De verdad, yo no entendía nada.
Sólo escuchaba, escuchaba y callaba.
Hablaban del frío,del hambre, los malos tratos, las enfermedades, los guardas, de hombres hechos bestias y de amistades, del campo de Judas
En sus recuerdos no mencionaban la estación (estoy segura de que no sabían ni cómo se llamaba) ni demasiado de la caminata entre dicha estación hasta el campo. Tanto habían caminado ya antes…
Pasaron los años…
Un día, casualmente, inesperadamente, por una carretera que llevaba a España, se me plasmó una placa, con una flecha. Indicaba ” Cimetière des Espagnols”, decía “Cementerio de los españoles”. Estábamos en Septfonds. ¿ Septfonds ? ¡ Sefón ! ¿ Sería posible ? TODO me volvió a la mente. Mi padre, los compañeros, lo contado, lo no-dicho.
Ya habían muerto todos.
La emoción que no puede expresarse.
Las tumbas de los allí fallecidos. Una rosa en cada una, el nombre de cada uno, y todos tan jóvenes, me llamó la atención el nombre de uno, ¡ qué cosa ! aún me acuerdo, Jesús Fraile Sacristán veintipiquillo años de edad y, a la entrada, el hermoso poema de Rafael Alberti : “Vosotros no caísteis “.
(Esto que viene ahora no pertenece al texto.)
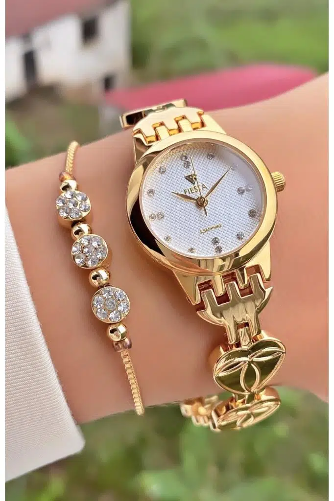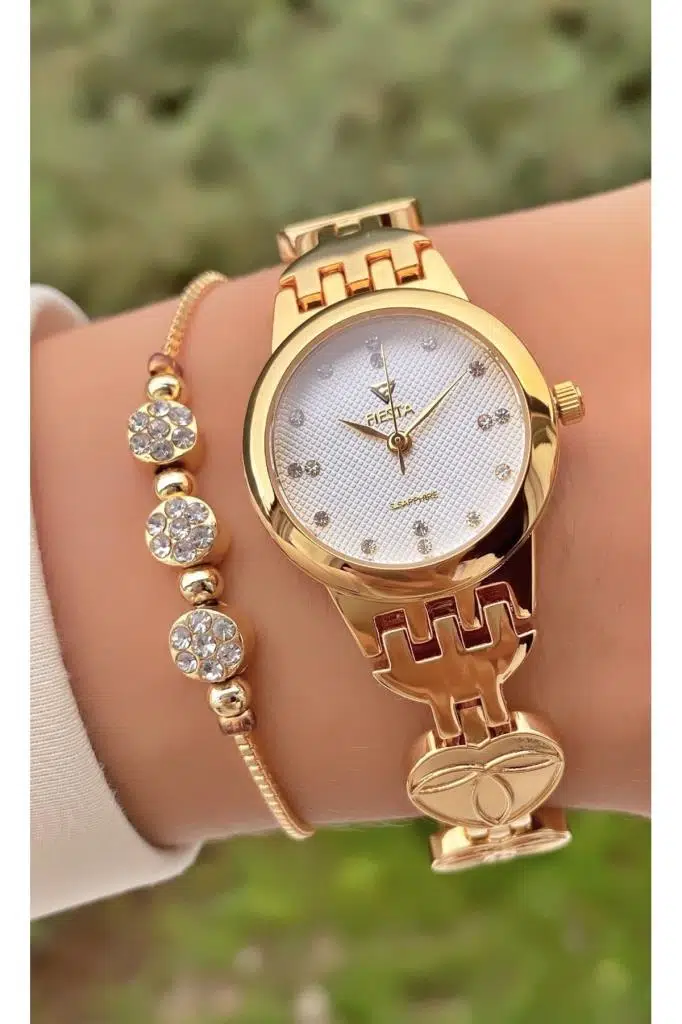 Fiesta MRD11914 Altın Sarısı Çelik Kordon Kadın Kol saati Bileklik Hediyeli 2 yıl boyunca garantilidir.

Magnífico homenaje en aquel lugar perdido del recuerdo.
Por eso, YO no le doy importancia a la venta o no-venta de la estación (“cuyo local sirve de lugar turístico, con cocina, sala de espectáculo, apartamento, 19 camas en un wagón de lujo”…¿ Memoria histórica ?…)
Por Raquel Arto.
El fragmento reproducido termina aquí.